Страница 28 из 40
Эльза: «Моя судьба сошла с рельс. Но я уже Володе своих тайн не поверяла: было ясно, что он все рассказывает Лиле». Маяковского уже нечего было делить, но по этим словам ясно, что, несмотря на внешнее примирение, обида на сестру осталась.
Жизнь ее словно покосилась, приобрела неправильное направление, и Эльза – она ведь была разумная девушка – решила ее выправить.
Эльза собралась эмигрировать. Она никогда не писала о своем романе с французским офицером Триоле ни одного слова, ни в мемуарах, ни в автобиографической прозе… словно его и не было, этого французского офицера. Но был ли это хоть сколько-нибудь роман или жизненный расчет, Эльза собиралась выйти за Триоле замуж и уехать с ним за границу.
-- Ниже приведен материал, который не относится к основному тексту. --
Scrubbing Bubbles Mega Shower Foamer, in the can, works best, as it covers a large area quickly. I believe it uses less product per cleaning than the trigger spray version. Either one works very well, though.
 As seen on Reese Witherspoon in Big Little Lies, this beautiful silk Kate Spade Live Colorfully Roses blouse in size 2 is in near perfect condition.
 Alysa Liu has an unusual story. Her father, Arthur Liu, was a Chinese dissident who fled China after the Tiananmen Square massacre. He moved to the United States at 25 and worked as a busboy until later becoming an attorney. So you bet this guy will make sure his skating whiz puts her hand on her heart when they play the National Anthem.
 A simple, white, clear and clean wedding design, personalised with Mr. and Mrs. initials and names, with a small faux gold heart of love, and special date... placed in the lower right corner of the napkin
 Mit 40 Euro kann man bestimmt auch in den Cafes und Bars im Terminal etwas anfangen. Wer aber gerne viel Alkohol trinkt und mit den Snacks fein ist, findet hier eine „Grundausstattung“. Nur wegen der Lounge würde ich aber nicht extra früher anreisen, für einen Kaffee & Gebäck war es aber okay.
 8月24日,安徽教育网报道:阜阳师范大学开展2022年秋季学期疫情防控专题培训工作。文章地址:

И Елена Юльевна хотела уехать – уехать от Лили, увезти Эльзу от Лили и Маяковского. Она понимала, что Маяковский все еще стоял между сестрами, что любовь к нему Эльзы не исчезла. Так, может, Эльзу лучше увезти от всего этого?.. Получается, что причиной эмиграции Эльзы стали не любовь и замужество, ей пришлось сбежать, разорвать любовный треугольник с сестрой и Маяковским.
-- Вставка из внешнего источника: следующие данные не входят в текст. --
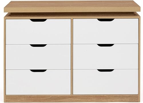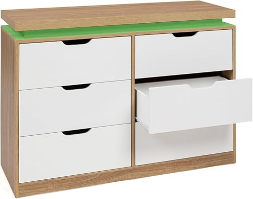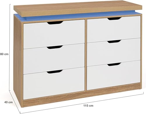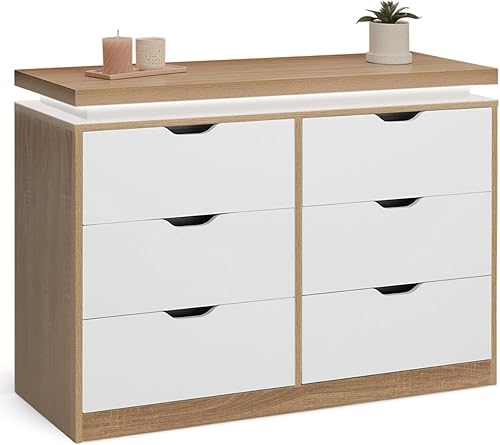 IDMarket - Commode 6 tiroirs Luna à LEDs 115 cm Blanc et Effet Bois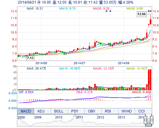 今開: 10.95 成交量: 53.05萬(wan) 手 振幅: 11.32% 最高: 12.05 成交額: 6.10億(yi) 元 換手率: 19.30% 最低: 10.81 總市值: 32.58億(yi) 市淨率: 5.08 昨收: 10.95 流通市...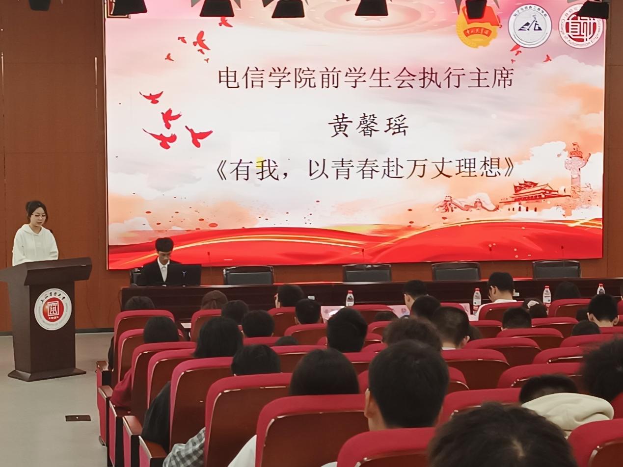 黄馨瑶以《有我,以青春赴万丈理想》为题开展主题分享,她结合自己第一次参加初级团校的心态,以及自己大学期间的成长历程,对参会同学寄予殷切嘱托。她表示,大学阶段正是对未来充满期待,同时又面临重要人生抉择的关键时期,希望青年学生们明白自己的前途命运同国家和民族的前途命运息息相关,当作出重要选择时,要把国家的需要放在第一位。同时要积极适应新环境,敢于挑战自我,超越自我,努力学习,不断进步。她希望青年学生能够拥有积极的、热血的人生信念,不负时代,不负韶华。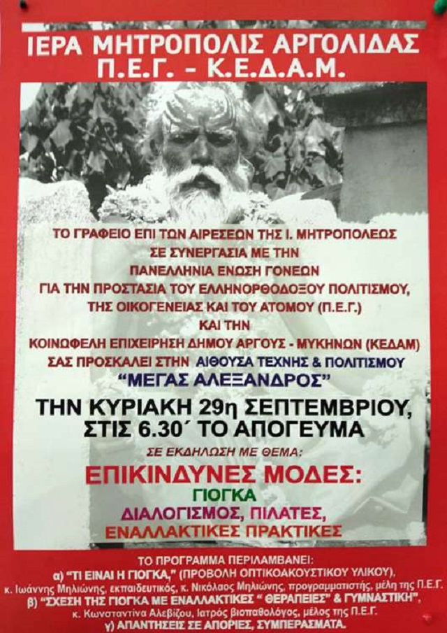 Σε ανακοίνωση της, η Ιερά Μητρόπολη Αργολίδος –και πιο συγκεκριμένα το γραφείο επί των αιρέσεων– σε συνεργασία μάλιστα με την «Πανελλήνια Ένωση Γονέων για την προστασία του ελληνορθόδοξου πολιτισμού, της οικογένειας και του ατόμου» και την κοινωφελή επιχείρηση του Δήμου Άργους – Μυκήνων (!), ενημερώνουν ότι διοργανώνουν εκδήλωση για τις «επικίνδυνες μόδες: γιόγκα, διαλογισμός, πιλάτες και εναλλακτικές πρακτικές».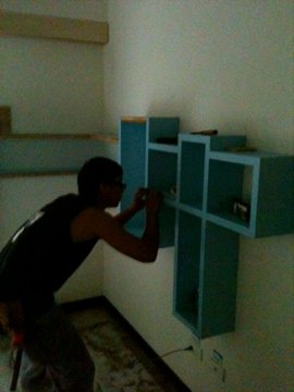 進度快是因為木作跟系統櫃混搭,所以時間上縮短蠻多的!

Дальше – как будто специально, как будто в романе… Елена Юльевна ненавидела Маяковского, считая, что он сломал жизнь Эльзе и опозорил Лилю, а перед отъездом ей пришлось испытать еще одно потрясение. Перед самым ее отъездом началась официальная совместная жизнь Лили «втроем», с Осипом и Маяковским.
Эльза с матерью плыли пароходом из Петрограда. Они остановились в Лилиной квартире, а Лиля не жила дома, они с Осипом и Маяковским переехали на дачу в Левашово. Бедная Елена Юльевна, лучше бы она уехала чуть пораньше и не успела застать этот апогей Лилиного безобразия, ситуации, которую она считала гадкой, пошлой, позорной…
Эльза: «…Для матери такая перемена в Лилиной жизни, к которой она совсем не была подготовлена, оказалась сильным ударом. Она не хотела видеть Маяковского и готова была уехать, не попрощавшись с Лилей».
Елена Юльевна не захотела проститься с Лилей, и на дачу Эльза поехала одна. Увидела всех троих, Лилю, Маяковского, Брика, дачную идиллию в трех снятых комнатах в деревянном доме. Маяковский работал, они с Лилей вдвоем гуляли, собирали грибы, потом все втроем играли в карты, не на деньги, а на мелкую трудовую повинность, как дети в летнем лагере, – кто проиграл, тому выгнать комаров из комнаты или идти на станцию за газетой… Эльза не задала сестре ни одного вопроса.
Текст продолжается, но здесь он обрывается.